7 Elul 5778‎ | 18 août 2018

Une rescapée de la Shoah torturée et brûlée à Paris

Le crime a été rendu public le 25 mars, peu avant le « bouclage » de ce numéro. Les informations qui ont circulé alors sont donc à prendre avec circonspection. Le meurtre barbare de Mireille Knoll zal, quatre-vingt-cinq ans, retrouvée brûlée et lacérée de coups de couteau dans la soirée du 23 mars par les pompiers venus éteindre l’incendie qui s’était déclenché à son domicile parisien de l’avenue Philippe-Auguste (11e arrondissement), est-il antisémite ? Est-ce une nouvelle affaire Sarah Attal-Halimi zal, comme on a pu le lire sur certains sites Internet ? C’est possible, mais rien ne pouvait l’étayer au moment où ces lignes ont été écrites. Il n’empêche que les faits sont gravissimes. Les fils de la victime, qu’Haguesher a joint dans les heures suivant l’annonce du drame, expliquent que leur mère était rescapée de la Shoah : elle a fui la France avant les rafles de 1942 grâce aux passeports brésiliens de ses parents (leur grand-père les avait acquis au Portugal, où la famille s’est réfugiée jusqu’à la Libération). Elle était veuve et souffrait de la maladie très invalidante de Parkinson. On a recommandé aux Knoll une femme – non-juive – prête à s’occuper de la vieille dame en échange d’un hébergement provisoire pour elle et sa fille de douze ans. Toutes deux se sont donc installées dans son appartement. Mais la préadolescente a eu maille à partir avec le fils (né en 1989) d’une voisine d’origine maghrébine. Ce dernier a même tenté d’abuser d’elle, dans des conditions que nous n’avons pu déterminer précisément. Toujours est-il qu’il a été incarcéré quelques mois pour ce comportement. Il est sorti de prison en septembre 2017. « Trop tôt », commentent les enfants de Mireille Knoll zal, bouleversés. Plus de nouvelles depuis… Il ne serait pas réapparu dans l’immeuble. Cependant, immédiatement après le terrible assassinat du 23 mars, les policiers ont interpellé cet homme soupçonné d’avoir agi par vengeance, puisqu’il avait été dénoncé par les occupantes du logement. A l’issue de plusieurs heures de garde à vue, il niait formellement sa culpabilité.
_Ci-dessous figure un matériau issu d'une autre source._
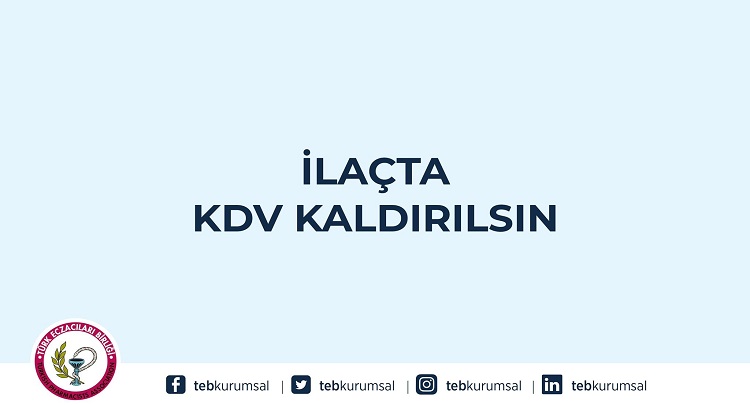 Türk Eczacıları Birliği olarak Sağlık Bakanlığı’nın ruhsatlandırdığı veya ithaline izin verdiği beşeri tıbbi ürün, tıbbi mama, tıbbi cihaz ve malzemelerde katma değer vergisinin (KDV) kaldırılmasına ilişkin ilgili mercilere talepte bulunmuştuk.

Barouh Dayan HaEmet.

Axel Gantz

La réaction du député (UDI) Meyer Habib: « Mon sentiment est que l’assassinat de Mireille Knoll revêt un caractère antisémite »

Au lendemain de l’annonce de l’assassinat de Mireille Knoll à Paris, le député des Français de l’Etranger Meyer Habib a déclaré : « Mireille Knoll, 85 ans, poignardée à onze reprises et brûlée à son domicile familial vendredi 23 mars avenue Auguste Blanqui Paris 11e, était juive. Elle avait échappé à la rafle du Vel’ d’Hiv’ en 1942. Je me suis entretenu avec ses fils et belles-filles, dont les enfants résident en Israël. Ils m’ont livré de très nombreux détails sur les circonstances du meurtre, que je ne peux évidemment pas divulguer à ce stade de l’enquête. Ils m’ont confié une photo et autorisé à la rendre publique, ainsi que le nom de la victime. Ce sont les noms et visages des bourreaux qui doivent être cachés, pas ceux des victimes.Après le meurtre barbare de Sarah Halimi le 4 avril 2017, l’émotion suscitée par cette affaire parmi les Français juifs est considérable, c’est le cauchemar qui continue pour les Français juifs.»Madame Knoll connaissait le principal suspect depuis qu’il était enfant: un voisin d’origine arabo-musulmane de 35 ans, qui savait qu’elle était juive. Il avait été condamné pour attouchements.Comme pour Sarah Halimi – assassinée, triste coïncidence, il y a un an à peine parce que juive à quelques centaines de mètres de là, rue des Vaucouleurs – pour la famille, il ne fait guère de doute que Mireille Knoll a été assassinée parce qu’elle était juive. Avec Sarah Halimi, il aura fallu attendre près de dix mois « pour reconnaître l’évidence », comme l’a rappelé le Président de la République le 7 mars dernier. J’en avais acquis la conviction deux jours après les faits, après avoir parlé à son frère… Mon sentiment, cette fois encore, est que le crime revêt un caractère antisémite ».